__DIRECTIONS__: Everything in the records below from the line containing "일을 배분하던 과정을" through the line containing "Keywords: UK road" is to be reproduced exactly, those two lines included; no picture is to be copied.

__TASK MATERIAL__:

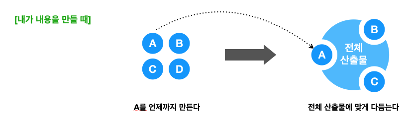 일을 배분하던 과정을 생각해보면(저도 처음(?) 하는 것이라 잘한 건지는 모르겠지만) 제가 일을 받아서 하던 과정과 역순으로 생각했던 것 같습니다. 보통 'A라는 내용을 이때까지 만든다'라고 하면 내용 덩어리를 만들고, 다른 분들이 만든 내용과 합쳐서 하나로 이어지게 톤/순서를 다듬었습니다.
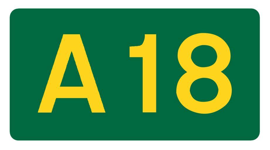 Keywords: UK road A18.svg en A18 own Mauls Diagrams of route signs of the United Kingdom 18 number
==
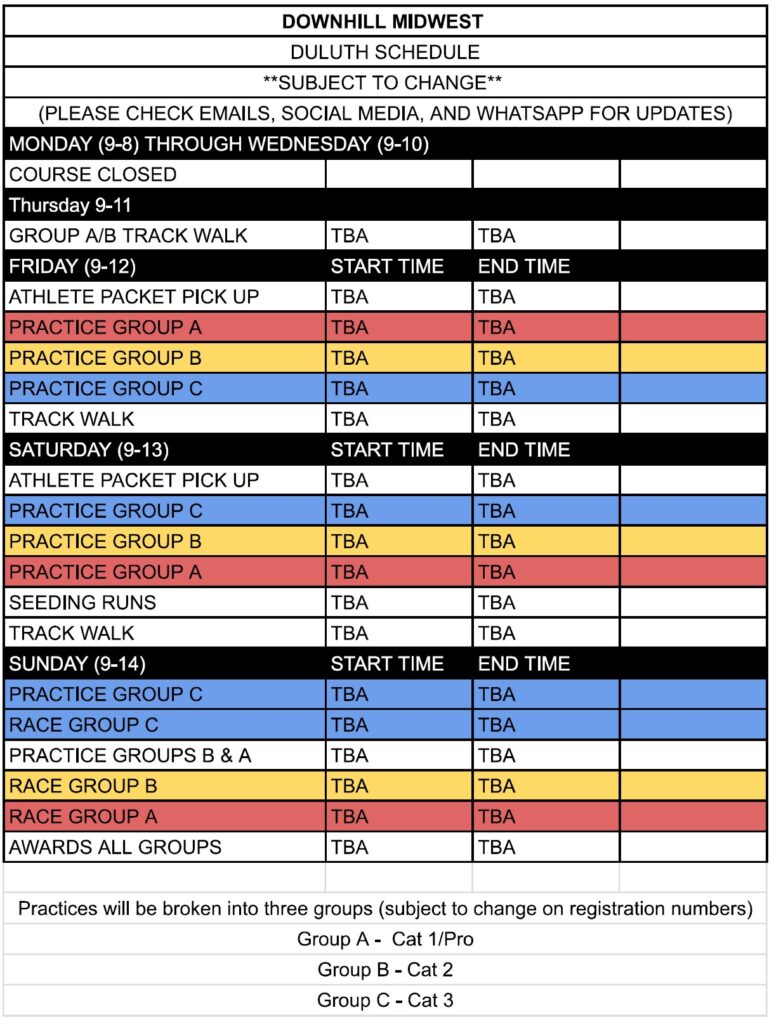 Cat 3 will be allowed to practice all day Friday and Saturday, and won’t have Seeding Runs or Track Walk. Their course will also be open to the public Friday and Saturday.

__WRITTEN SOLUTION__:
 일을 배분하던 과정을 생각해보면(저도 처음(?) 하는 것이라 잘한 건지는 모르겠지만) 제가 일을 받아서 하던 과정과 역순으로 생각했던 것 같습니다. 보통 'A라는 내용을 이때까지 만든다'라고 하면 내용 덩어리를 만들고, 다른 분들이 만든 내용과 합쳐서 하나로 이어지게 톤/순서를 다듬었습니다.
 Keywords: UK road A18.svg en A18 own Mauls Diagrams of route signs of the United Kingdom 18 number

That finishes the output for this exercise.